Share your dilemmas and get honest opinions from other Mumsnetters.

Do you completely trust your partner?

95 replies

insecureandscared · 23/03/2021 14:15

As in trust that he or she won't ever stray or even want to stray.
If you do, how do you do it?

I've been with my husband a long time and I love him dearly. He has never cheated that I know of and he says he loves me and only has eyes for me. I'm just full of fear all the time. Fear he will fancy someone else at work in any way and fear that he will leave me. And I don't seem to be able to handle the fact that that could one day happen.

I'm having a really bad time at the moment and am seriously considering leaving because I can't handle the way I'm feeling.

Please try to be gentle with me. I know it's not the way people normally are. I've come here as a last resort to see if maybe there's something someone could possibly say to make me stop being this way.

OP posts:
insecureandscared · 23/03/2021 15:00

@BeingATwatItsABingThing

I trust my DH because he gives me no reason not to. He has female friends that he speaks to regularly but he doesn’t hide this from me. We both have access to each other’s phones, tablets, laptops, etc. if we wanted to. He’s a friendly person but not excessively flirty or touchy feely with others.

I get anxiety too. I’m constantly worried that other people don’t like me or that my DH will realise there are better women out there than me. I don’t know what I can say to help you feel better.

That's how I feel. That he will realise there's better.

He will talk to someone at work, realise how funny, smart and pretty she is and how worthless I am.

OP posts:
requitalissima · 23/03/2021 15:03

Nope, at least not that I'd know of. Realistic - yes. Does it affect my life - no.
I am as susceptible to straying as my spouse is. My own fidelity might be tested and I wouldn't want to bet on the outcome as I don't know how I'd feel and act.

insecureandscared · 23/03/2021 15:04

I feel like If I were to let go, if I even had the ability, that opens me up to more pain. It's like I'm prepared now. I'm just waiting for the day.

OP posts:
PhilCornwall1 · 23/03/2021 15:05

Can you trust anyone 100% as you are not in their head and don't know what they are really thinking.

The best I think you can do is hope that someone will behave in the way you think they would and if they don't, deal with it as and when anything happens, whatever that may be.

insecureandscared · 23/03/2021 15:05

I did try accessing help as well by the way. I was told I just sound a little depressed and was sent off on my way. I cried for weeks after.

OP posts:
WhySoSensitive · 23/03/2021 15:07

I do. But we’ve been together 11 years and it’s built and built over time.
Small acts on his behalf that show I can trust him and vice versa.

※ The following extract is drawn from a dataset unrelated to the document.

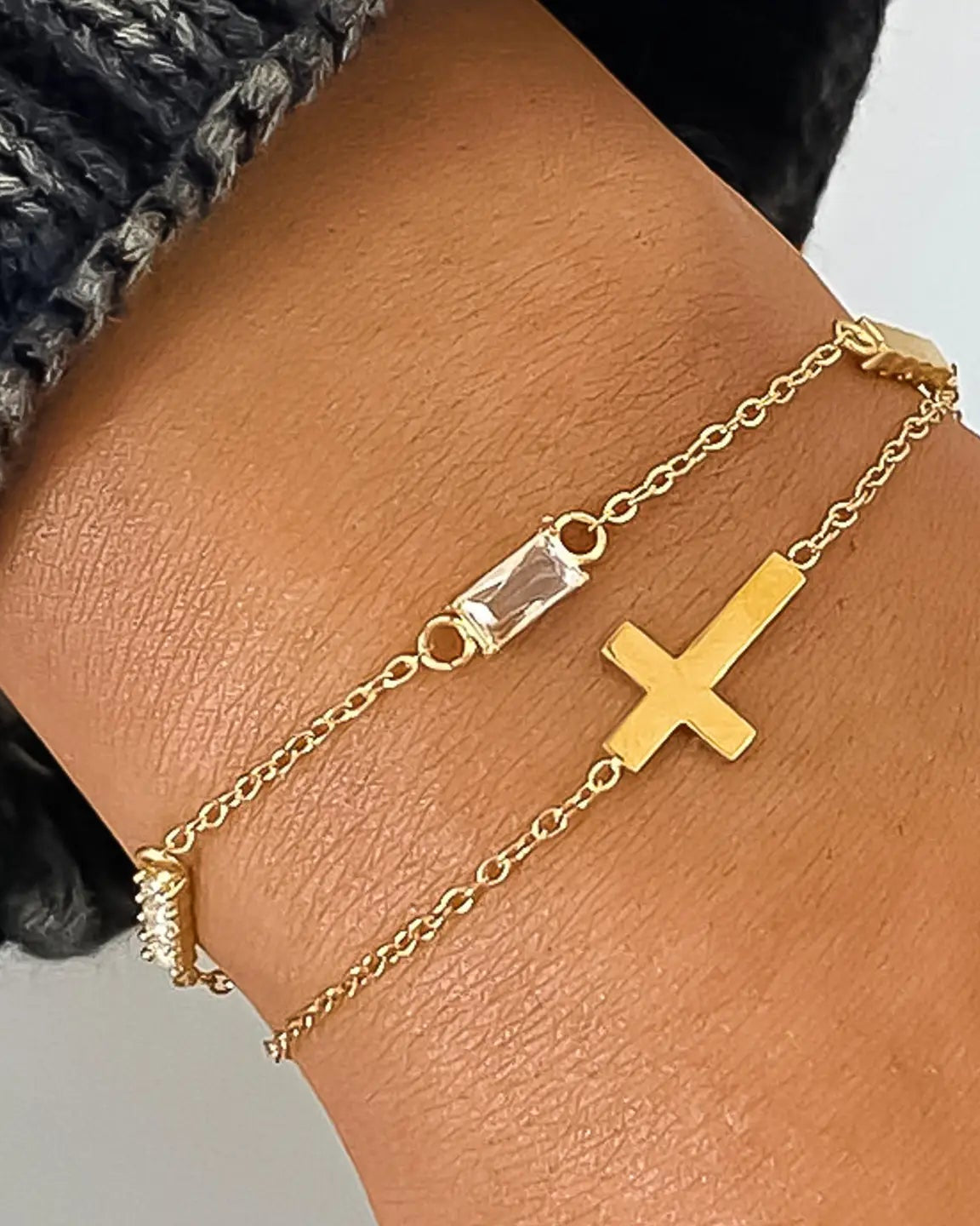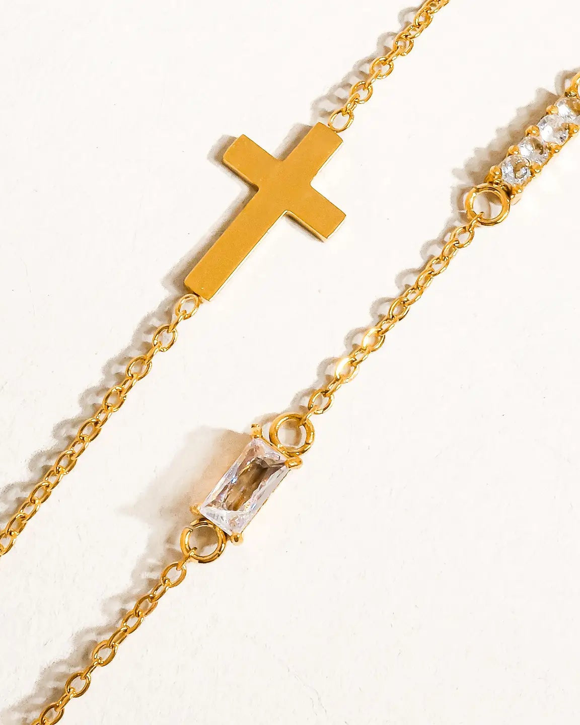 Add Esther 18K Gold Non-Tarnish Layered Cross Cz Bracelet to the cart
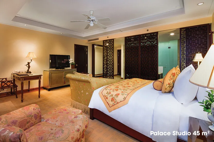Với hệ thống 222 chìa khóa phòng, khách sạn phân bổ các loại phòng dựa trên vị trí tầng để tạo ra sự phân cấp về mức độ riêng tư và đặc quyền. Các tầng Palace tiêu chuẩn cung cấp các hạng phòng Deluxe, Studio và Suite tinh tế, trong khi các tầng Indochine Club từ tầng 10 đến tầng 16 dành riêng cho những khách hàng đòi hỏi đẳng cấp cao hơn với các thiết bị công nghệ hiện đại và đồ dùng cá nhân xa hoa. Đỉnh cao của sự sang trọng là căn Grand Suite nằm tại tầng 14 với diện tích lên tới 202 $m^2$, mang đến một không gian nghỉ dưỡng thực thụ cho những vị khách đặc biệt.

I am not a trusting person, only my mum and my husband.

lynsey91 · 23/03/2021 15:08

@requitalissima

Ah, the trusting spouses. No-one is immune from straying if an attraction hits and opportunity presents. One must be pretty sure though that one's not found out to proceed. You can never be 100% sure of other persons' fidelity.
Absolute bullshit. There are people who would NEVER stray no matter what opportunity presents. Your comment is an insult to anyone with morals.

I have never ever cheated and know 100% I would not. I think cheating is totally wrong and not something you do to someone you love, like and respect.

I also know my husband has never cheated in our 40 year marriage and never would.

Don't bother coming back with the "you can never know someone totally" because I know my husband has the same morals and views on infidelity as I do

jessstan2 · 23/03/2021 15:08

I trusted mine, he died not that long ago but I certainly trusted him. He was devoted to me.

insecureandscared · 23/03/2021 15:09

@jessstan2

I trusted mine, he died not that long ago but I certainly trusted him. He was devoted to me.
I am so sorry Sad
OP posts:
ScarfaceCwaw · 23/03/2021 15:09

I have had to accept that if he ever betrays my trust, that means he is not the person I think he is and I don't want him anyway. And ultimately I can't control it anyway. I can give him my trust and his freedom and see what he does with it, or I can set myself to the impossible task of controlling his behaviour, make both of us crazy and drive him away anyway.

I really wish I could be more like that. If he cheats, I'll be fine and I'll find someone else etc.
I don't see that. I honestly don't. I see the end of me

If you really feel this way... You need to seek counselling. It's not healthy to be so dependent on someone that you don't feel you can survive without them. I'd be devastated if DH cheated or died. I'd rage and grieve and struggle. But I also know I'd survive and go on and make my own life and be happy again.

You need to get some support.

Blueberries0112 · 23/03/2021 15:10

I trust mine, he gave me no reasons not to trust him. I am not going waste my energy on it either. I will cross that bridge if we get there.

MiaMarshmallows · 23/03/2021 15:12

100%. Because we know we are perfect for one another and wouldn't need to look elsewhere

user1493413286 · 23/03/2021 15:13

I don’t think my DH would cheat and I would say I do trust him but I’m also realistic that it does happen and that I’d be naive to think we’re different. I would be broken hearted if he cheated but I’d survive i know that

Frogella · 23/03/2021 15:14

Oh, OP, you really do sound sad.

Agree with PP - you need to get some support to help you value yourself as a person, independent of any man - even (especially) the man you love.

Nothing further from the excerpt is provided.